Le 20 février 2025, la France a officiellement annoncé le retrait de sa base militaire de Port-Bouët, située en Côte d’Ivoire. Toutefois, cet acte de rétrocession est loin d’être perçu comme une réelle rupture avec le passé colonial, selon l’écrivain et analyste ivoirien Sylvain Takoué. Pour lui, cette décision n’est qu’une façade tant que les accords stratégiques de coopération de 1961, qui régissent les relations militaires entre la France et la Côte d’Ivoire, restent en vigueur. Ces accords, jugés “injustes” par Takoué, sont considérés comme un vestige du colonialisme et continuent de marquer les rapports entre les deux nations.
Sylvain Takoué affirme que tant que ces accords ne sont pas officiellement dénoncés ou abrogés, la Côte d’Ivoire restera, selon lui, un simple “bien” appartenant à la France. Il souligne que ce traité de 1961, signé sous l’égide de la France, confère à l’ex-puissance coloniale un pouvoir d’influence considérable sur les affaires intérieures de la Côte d’Ivoire, notamment dans le domaine militaire et économique. À ses yeux, ce retrait de la base de Port-Bouët ne représente qu’une manœuvre symbolique, qui n’entraîne aucune véritable remise en question du contrôle de la France sur le pays.
Les relations entre la France et ses anciennes colonies africaines, notamment la Côte d’Ivoire, ont toujours été marquées par des accords bilatéraux inégaux, héritages du colonialisme. Les accords de 1961, signés après l’indépendance de la Côte d’Ivoire, ont permis à la France de maintenir une présence militaire et d’influencer les décisions politiques du pays. Bien que la Côte d’Ivoire ait accédé à l’indépendance, la continuité de cette relation asymétrique a laissé des traces profondes dans la perception de la souveraineté du pays. L’annonce de la rétrocession de Port-Bouët intervient dans un contexte de redéfinition des relations franco-africaines, marqué par une montée de la contestation sur l’influence de l’ancienne puissance coloniale.

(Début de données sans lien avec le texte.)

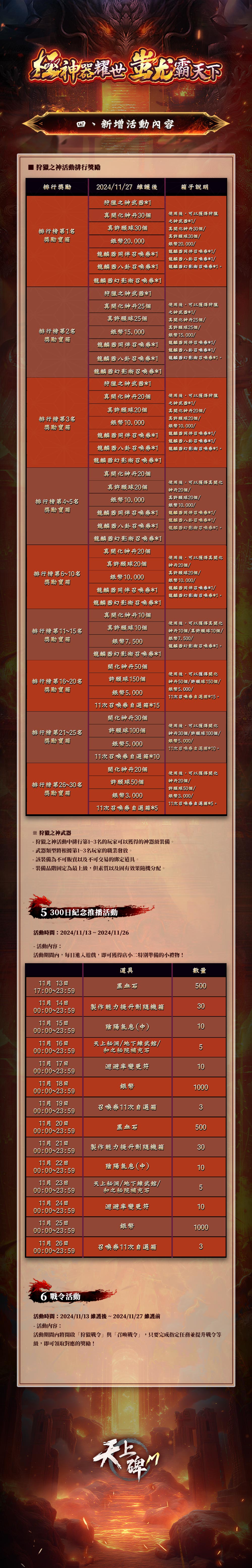 《天上碑M》已於2024/11/13(三) 17:00 伺服器改版更新完畢,少俠可以正常進入伺服器闖蕩江湖!
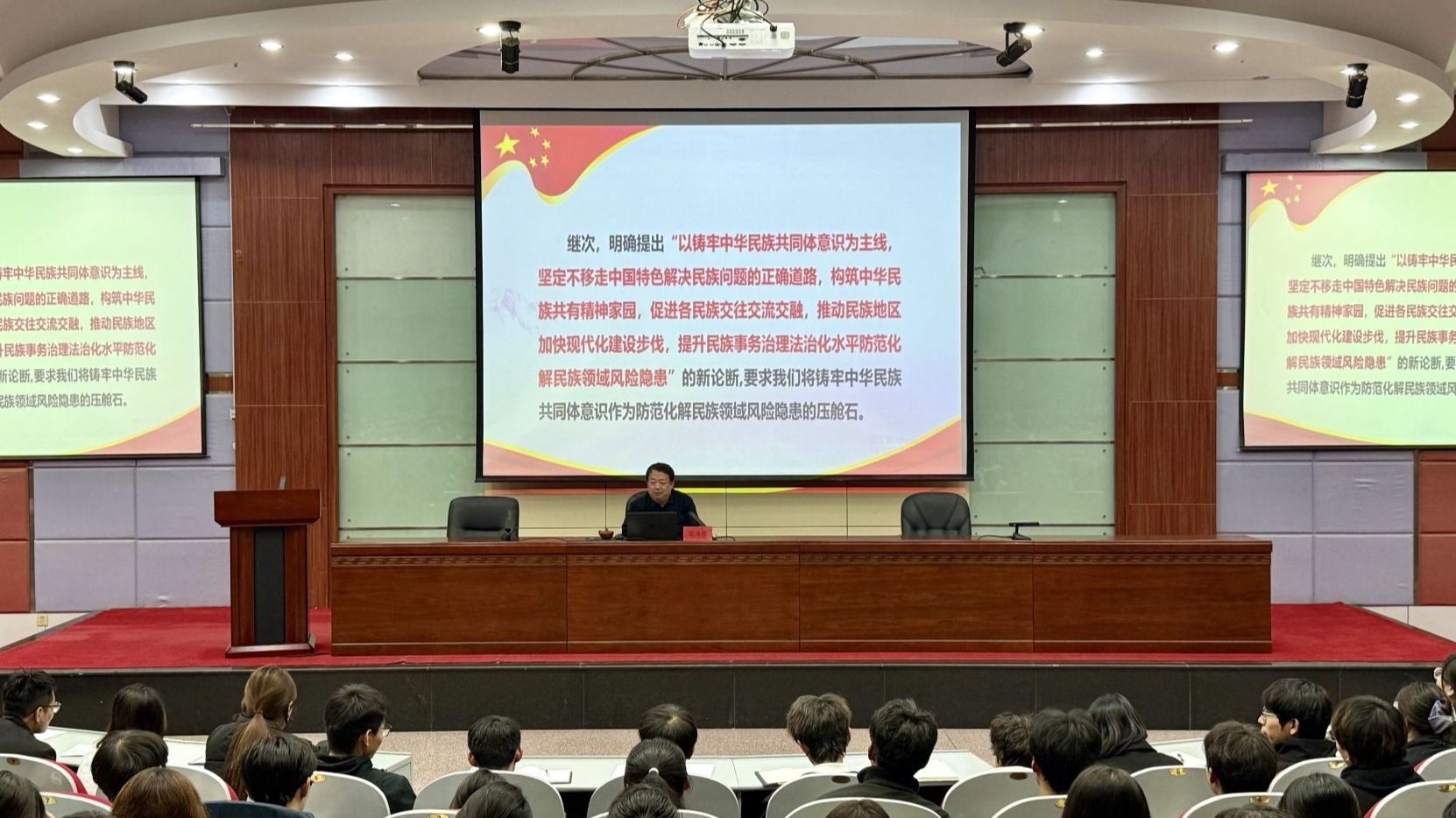 三位宣讲人分别以《铸牢中华民族共同体意识的逻辑维度和哲学向度》《以抗战精神砥砺青春担当——新时代学生干部的使命传承与责任担当》《习近平总书记关于青年和青年工作重要论述的科学内涵和实践要求》为题,系统解读了马克思的交往理论与共同体思想、中国共产党的民族平等团结思想、伟大抗战精神的深刻内涵与时代回响、习近平总书记关于青年和青年工作重要论述的科学内涵和实践要求、青年工作的方向方法等内容,教育引导同学们要准确把握中华民族关系的历史脉络和现实状况,将伟大抗战精神转化为服务同学、建设校园的具体行动,履行好新时代青年和“青马”骨干的职责,做马克思主义的坚定信仰者、积极传播者和模范践行者。

L’avenir des relations entre la France et la Côte d’Ivoire semble dépendre de la volonté des autorités ivoiriennes de réévaluer les accords de 1961. Sylvain Takoué et d’autres observateurs estiment qu’une véritable indépendance de la Côte d’Ivoire passe par la fin de ce cadre juridique et militaire, qui, selon eux, continue de priver le pays d’une pleine souveraineté. Si ces accords sont abrogés, cela pourrait marquer un tournant dans les relations bilatérales et permettre à la Côte d’Ivoire de renforcer ses liens avec d’autres puissances mondiales sur un pied d’égalité.

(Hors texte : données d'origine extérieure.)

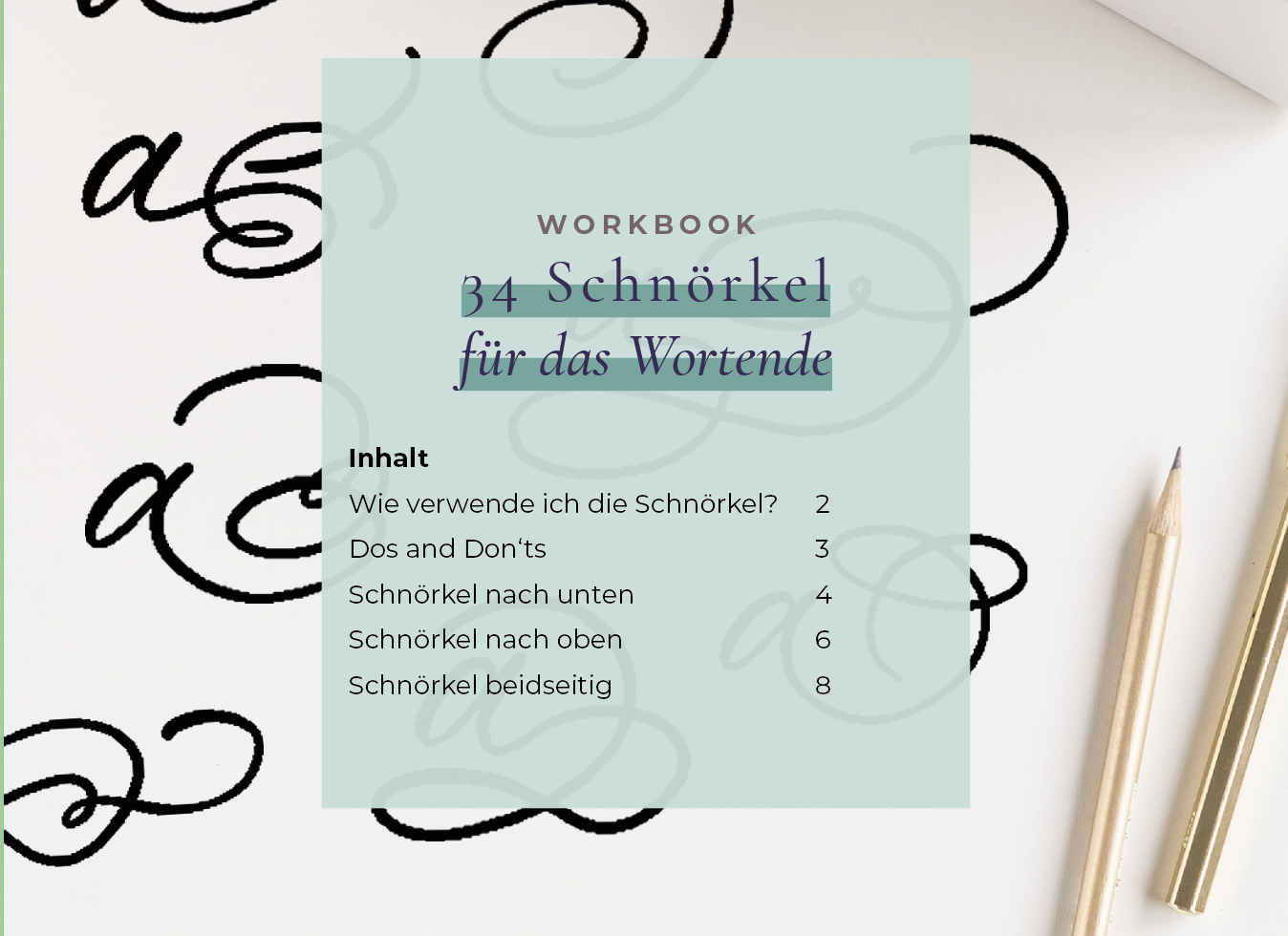 Dieses Schnörkel-Workbook Bundle beinhaltet alles was du brauchst um deinen Werken das gewisse Etwas zu verpassen. Schnörkel, Schnörkel, Schnörkel. Am besten sehen diese mit der Spitzfeder aus, aber auch mit Brush Pen, Bleistift, Buntstift, Gelstift oder Fineliner oder kannst du all die Anleitungen super umsetzen. Ob verschnörkelte Buchstaben oder Zierelemente, in diesem Bundle findest du alles von Vorlagen bis zu detaillierten Schritt-für-Schritt-Anleitungen.

Certains experts estiment que la décision de la France de quitter Port-Bouët pourrait symboliser un changement de paradigme dans la coopération militaire en Afrique. Cependant, pour d’autres, comme Sylvain Takoué, ce geste ne constitue pas un véritable renversement du rapport de forces. En effet, bien que la base soit retirée, la France pourrait conserver une influence stratégique dans la région à travers d’autres accords militaires ou économiques. Il est également important de noter que d’autres pays africains, comme le Mali ou le Burkina Faso, ont récemment remis en question la présence militaire française sur leur sol, ce qui pourrait accélérer la révision des relations entre l’Afrique et ses anciennes puissances coloniales.
Des leaders africains, notamment des mouvements pan-africanistes, voient dans ce retrait une victoire symbolique mais rappellent que de véritables changements doivent passer par une refonte des accords économiques et militaires hérités du colonialisme. Selon ces acteurs, l’Afrique d’aujourd’hui ne peut plus être traitée sur un pied d’infériorité. Des experts en géopolitique ajoutent que les tensions entre la France et certains États africains pourraient ouvrir la voie à une coopération plus équilibrée, où l’Afrique pourrait jouer un rôle plus influent dans les décisions politiques et stratégiques internationales.